- _Records supplied_
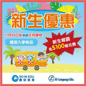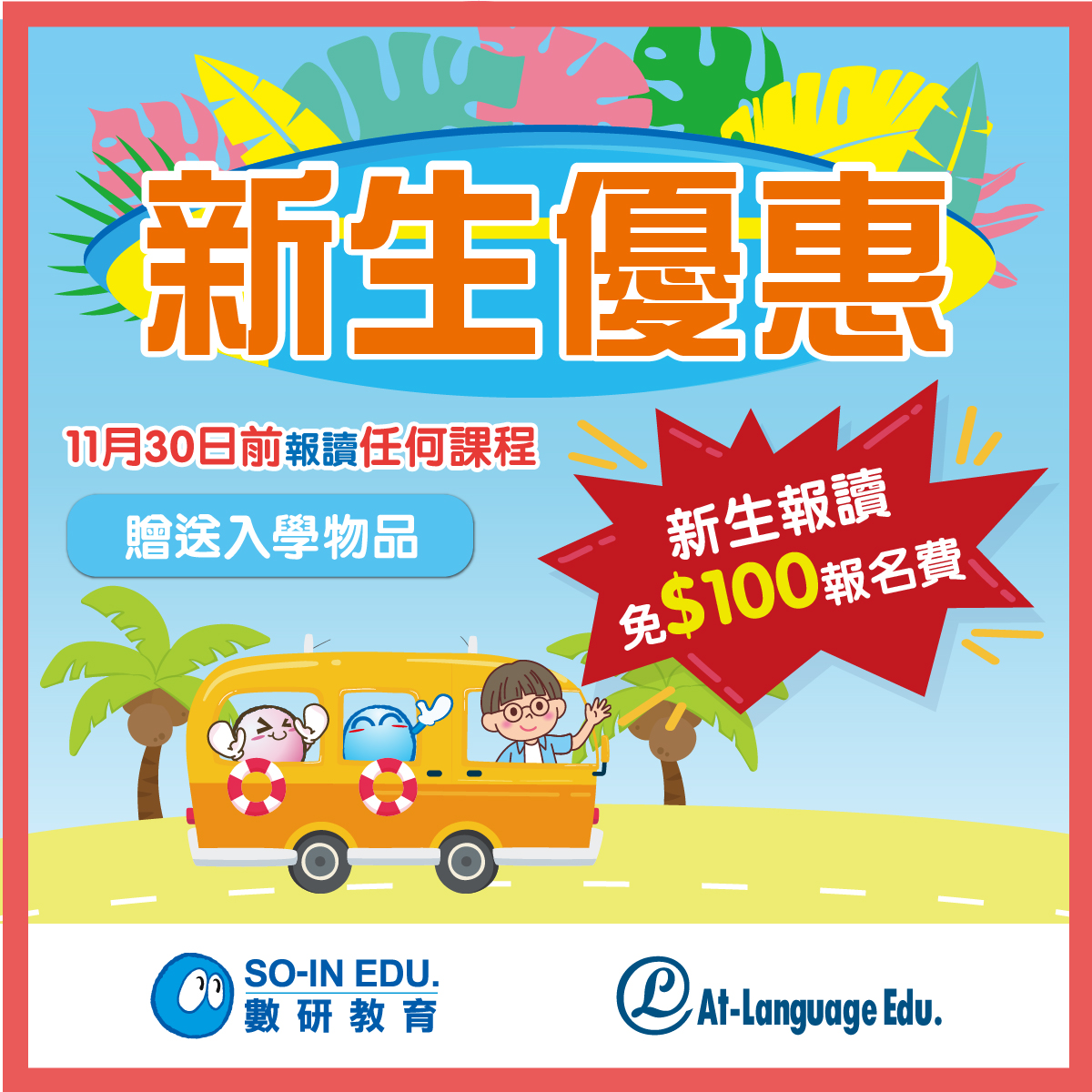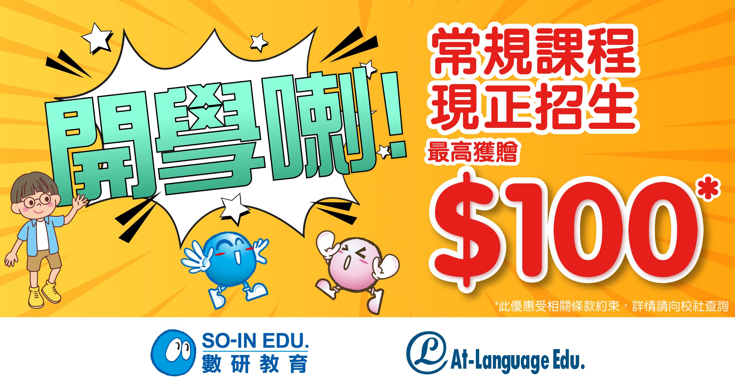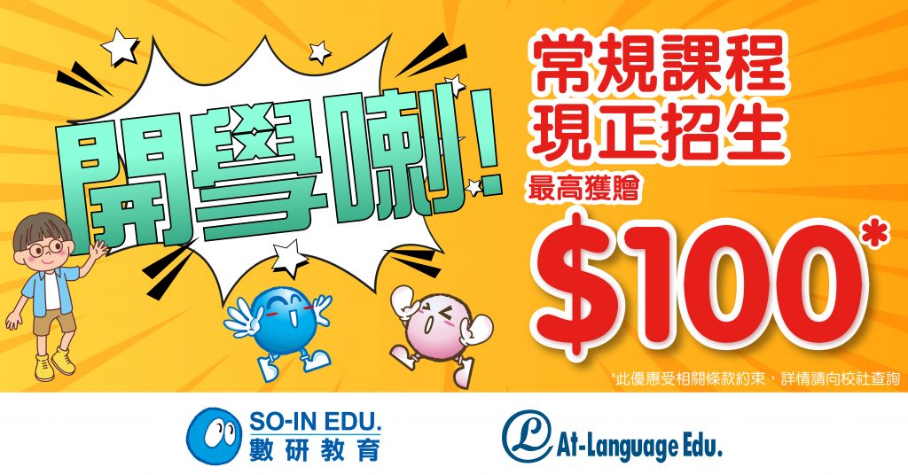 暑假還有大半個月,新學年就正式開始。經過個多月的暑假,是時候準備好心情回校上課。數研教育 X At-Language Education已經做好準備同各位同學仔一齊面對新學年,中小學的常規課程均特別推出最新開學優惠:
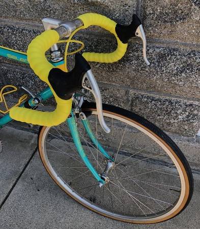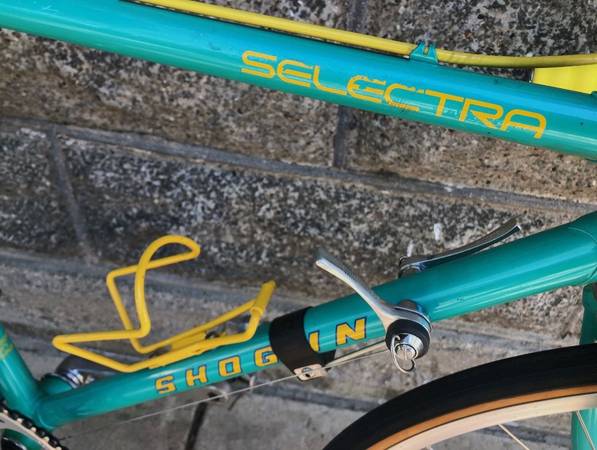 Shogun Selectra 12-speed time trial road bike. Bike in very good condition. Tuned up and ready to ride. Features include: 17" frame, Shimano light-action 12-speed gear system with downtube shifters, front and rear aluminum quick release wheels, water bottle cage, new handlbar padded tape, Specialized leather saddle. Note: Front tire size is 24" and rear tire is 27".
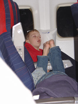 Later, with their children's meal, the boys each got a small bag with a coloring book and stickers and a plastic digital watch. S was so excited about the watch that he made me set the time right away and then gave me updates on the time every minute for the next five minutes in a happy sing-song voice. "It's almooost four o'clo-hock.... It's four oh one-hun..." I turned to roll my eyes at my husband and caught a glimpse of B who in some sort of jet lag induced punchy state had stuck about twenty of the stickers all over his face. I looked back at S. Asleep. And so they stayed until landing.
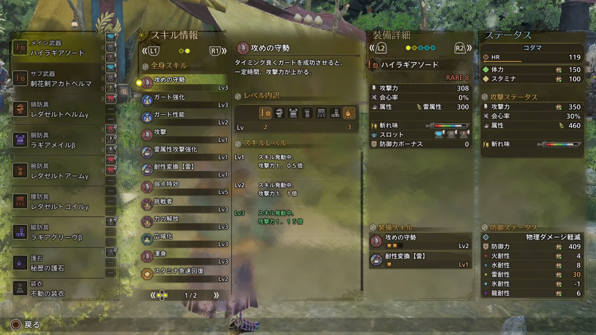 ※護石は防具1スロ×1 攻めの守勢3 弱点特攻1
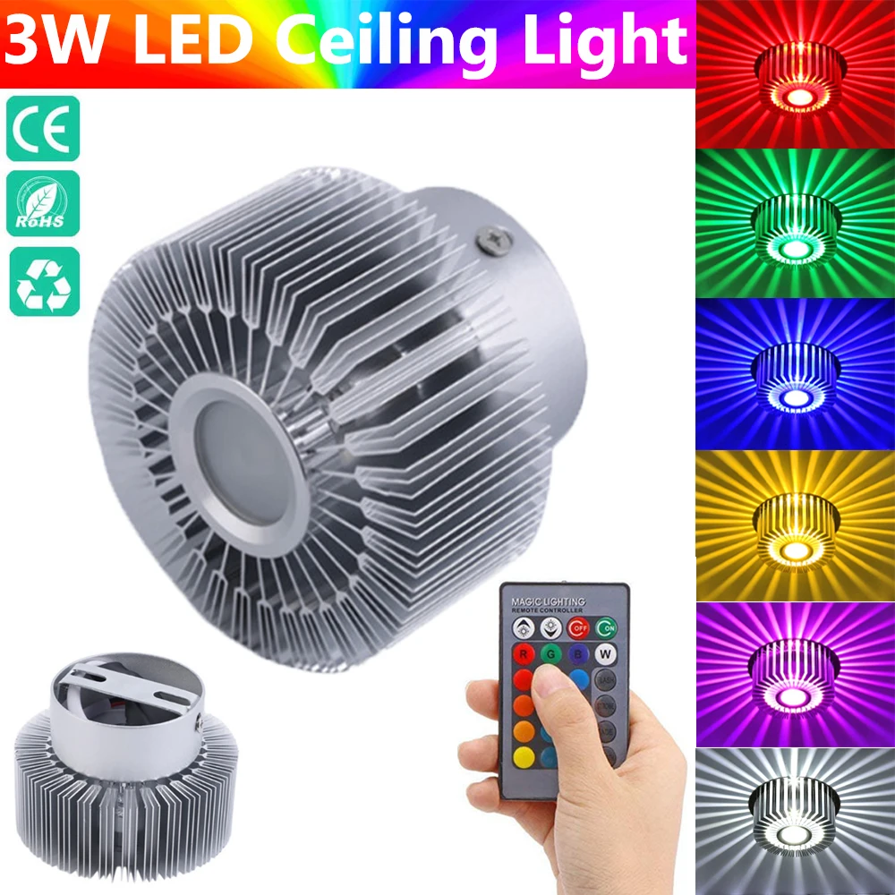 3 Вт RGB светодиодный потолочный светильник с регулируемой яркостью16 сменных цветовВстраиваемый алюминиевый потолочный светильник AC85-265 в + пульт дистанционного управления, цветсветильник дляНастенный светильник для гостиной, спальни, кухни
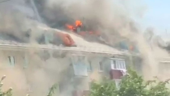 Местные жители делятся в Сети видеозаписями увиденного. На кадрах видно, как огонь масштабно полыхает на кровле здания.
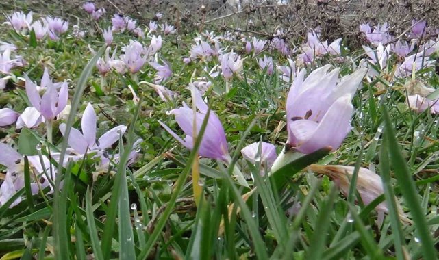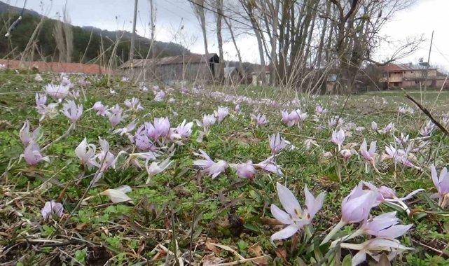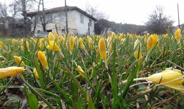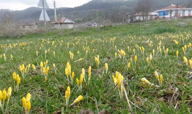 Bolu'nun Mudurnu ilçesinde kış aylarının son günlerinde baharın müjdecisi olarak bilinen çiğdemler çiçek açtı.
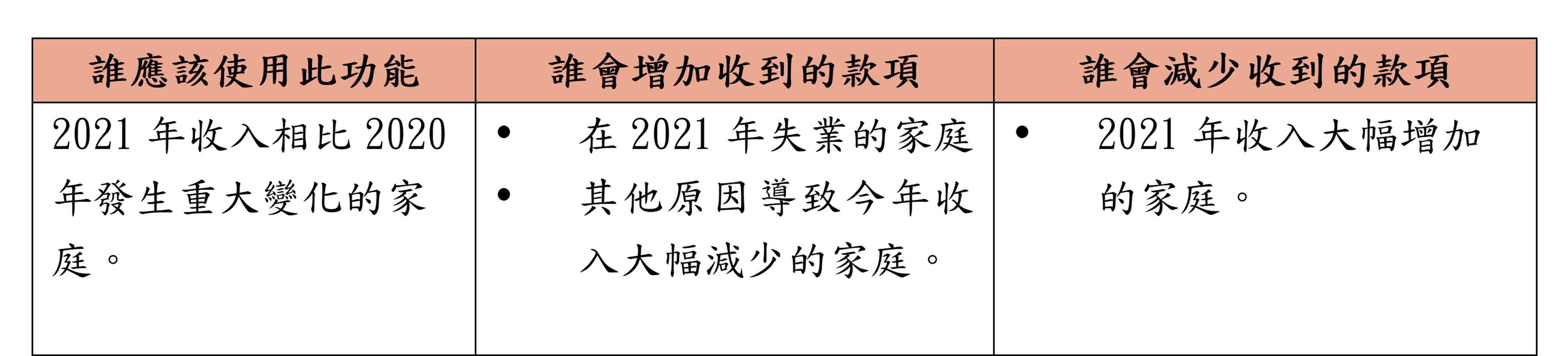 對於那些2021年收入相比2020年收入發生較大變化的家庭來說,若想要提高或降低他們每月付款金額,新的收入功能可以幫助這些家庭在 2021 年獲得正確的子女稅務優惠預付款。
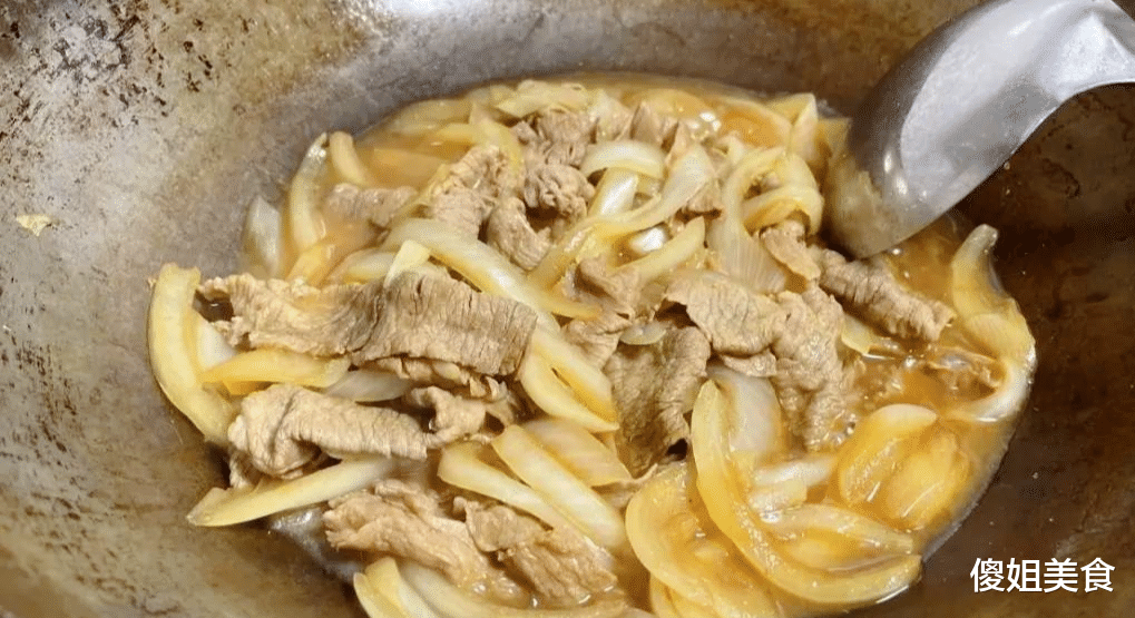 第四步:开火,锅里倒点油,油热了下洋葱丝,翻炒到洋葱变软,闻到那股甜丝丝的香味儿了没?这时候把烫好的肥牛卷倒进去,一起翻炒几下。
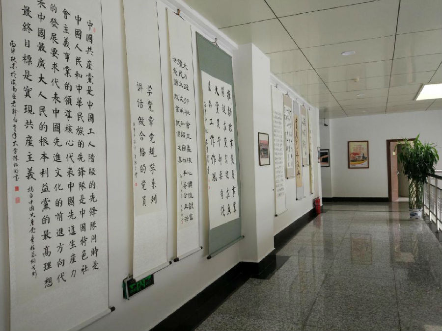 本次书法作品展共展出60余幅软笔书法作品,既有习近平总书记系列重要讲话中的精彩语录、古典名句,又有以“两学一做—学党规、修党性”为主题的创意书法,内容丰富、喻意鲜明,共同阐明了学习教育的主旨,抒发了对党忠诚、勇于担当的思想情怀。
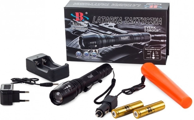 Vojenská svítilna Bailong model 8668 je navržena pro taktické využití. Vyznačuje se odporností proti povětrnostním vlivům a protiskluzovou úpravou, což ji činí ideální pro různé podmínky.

- _Problem requirements_
Nothing but the lines from the line containing "第四步:开火,锅里倒点油,油" through the end of the records belongs in the answer, written out exactly, both ends included, without pictures.

- _Solution to this problem_
 第四步:开火,锅里倒点油,油热了下洋葱丝,翻炒到洋葱变软,闻到那股甜丝丝的香味儿了没?这时候把烫好的肥牛卷倒进去,一起翻炒几下。
 本次书法作品展共展出60余幅软笔书法作品,既有习近平总书记系列重要讲话中的精彩语录、古典名句,又有以“两学一做—学党规、修党性”为主题的创意书法,内容丰富、喻意鲜明,共同阐明了学习教育的主旨,抒发了对党忠诚、勇于担当的思想情怀。
 Vojenská svítilna Bailong model 8668 je navržena pro taktické využití. Vyznačuje se odporností proti povětrnostním vlivům a protiskluzovou úpravou, což ji činí ideální pro různé podmínky.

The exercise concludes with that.